Source data START

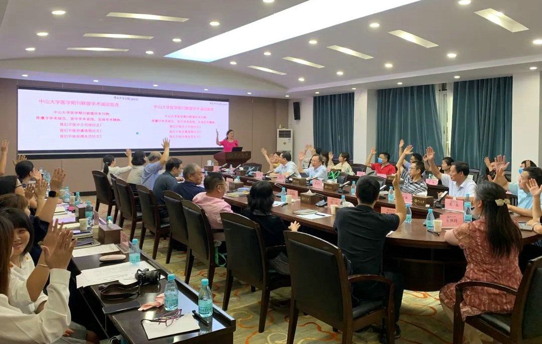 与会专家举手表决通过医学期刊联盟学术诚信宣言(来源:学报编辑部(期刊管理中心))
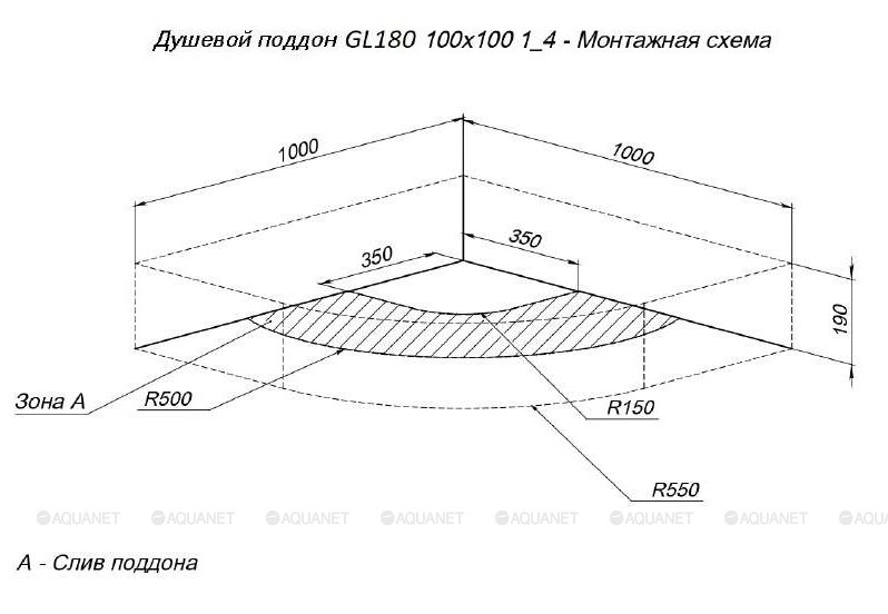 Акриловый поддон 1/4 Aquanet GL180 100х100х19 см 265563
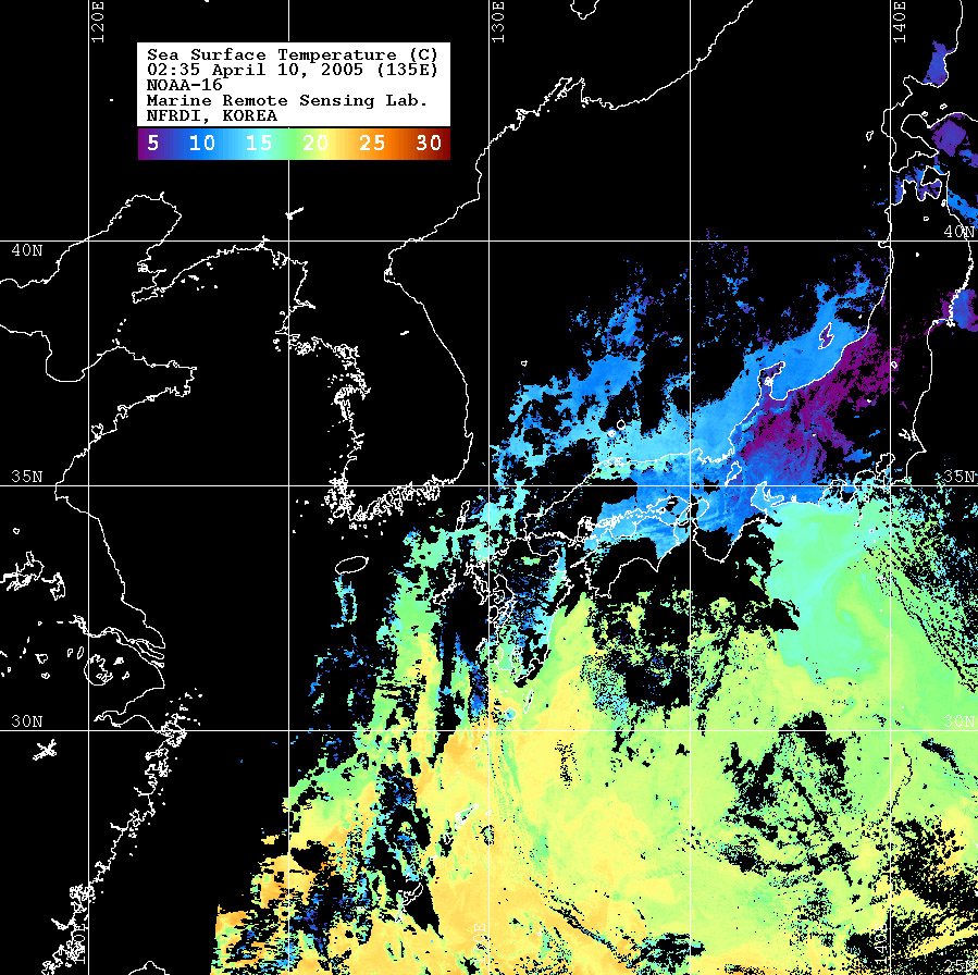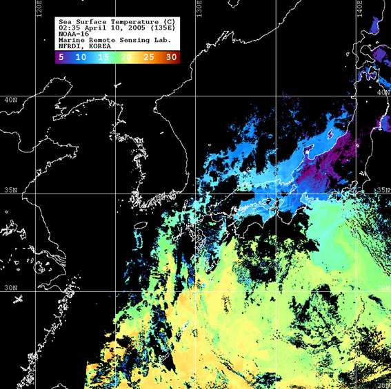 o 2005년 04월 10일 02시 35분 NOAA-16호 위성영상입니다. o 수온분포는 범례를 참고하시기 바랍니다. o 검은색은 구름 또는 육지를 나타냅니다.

Source data END

» Directions
In the data, the line that contains "Акриловый поддон 1/4" begins the part to write out; restate it and each line after it word for word through the end, with no pictures.

» Your response
 Акриловый поддон 1/4 Aquanet GL180 100х100х19 см 265563
 o 2005년 04월 10일 02시 35분 NOAA-16호 위성영상입니다. o 수온분포는 범례를 참고하시기 바랍니다. o 검은색은 구름 또는 육지를 나타냅니다.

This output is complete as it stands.